Je me suis dit devant la pensée de ces gens : comment sans nous connaitre, ni n'avoir la même affinité historique et géographique..., a-t-on pu avoir une telle convergence dans la vision de notre époque, et dans le message à transcrire.

Il y a aussi probablement que je suis un de ces écrivains purement issu du ouébe, et non point du manuscrit papier, et que j'ai besoin d'afficher mes textes sur du support virtuel pour pouvoir les corriger, en apprécier la force ou la futilité. Il y a une fracture sociale en ce moment entre les auteurs de polars estampillés et les clandestins.
Pierre Lemaître vient d"écrire dans son dernier ouvrage à propos du ouébe "" on était sûr d'y trouver tout ce qu'il y a de plus moche et de plus laid dans l'étre humain"" - certes ! je dirai, mais à qui la faute ?
Son roman pour une fois détonne dans l'univers médiocre du polar français en osant aborder un angle social de façon carrée, presque un coté chef d'oeuvre, puis il sombre dans la deuxiéme partie avec une intrigue à la noix, coutumiére de cette génération d'auteurs - à qui la faute ?

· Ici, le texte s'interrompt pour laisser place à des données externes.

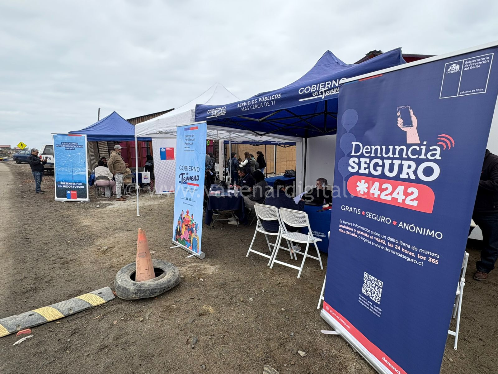 La jornada incluyó además una feria de servicios públicos, que permitió a los vecinos acceder directamente a atención de distintas instituciones del Estado. Estuvieron presentes representantes de Carabineros, la Armada, Sernapesca, la Dirección Provincial de Vialidad, el Ministerio de Desarrollo Social y Familia (Mideso), el Servicio de Impuestos Internos (SII), Subtel, el Registro Civil, Conadi, Seguridad Pública de la Delegación Presidencial y equipos municipales de salud y seguridad ciudadana.

DOA vient d'avouer publiquement que FleuveNoir le contraignait à modifier la fin de ses livres - à qui la faute ? ( perso, je ne signerai jamais aucun contrat avec FN, ils éditent de la merde, et je me refuse de figurer dans un catalogue aussi clownesque).

Manotti vient de sortir un éniéme polar nous promettant une critique sociale digne du roman noir, or je n'ai vu que des personnages grotesques et caricaturaux pour le moins, du binaire en noir et blanc.

Vous m'imaginez deux minutes sur un salon, devant discuter entre le fromage et le café avec ces gens-là. Que pourrai-je bien leur dire d'ailleurs puisque nous ne parlons même pas la même langue. Il me semble d'ailleurs qu'Annie non plus ne comprend pas grand-chose dans la démarche. Tant mieux d'ailleurs aussi.

Plus j'avance, plus le concept d'Ecrivain Clandestin me parait s'inscrire dans l'époque avec des mots balbutiants traçés à la peinture rouge sur des murs ( marrant sur FB, on dit un ""mur"" aussi).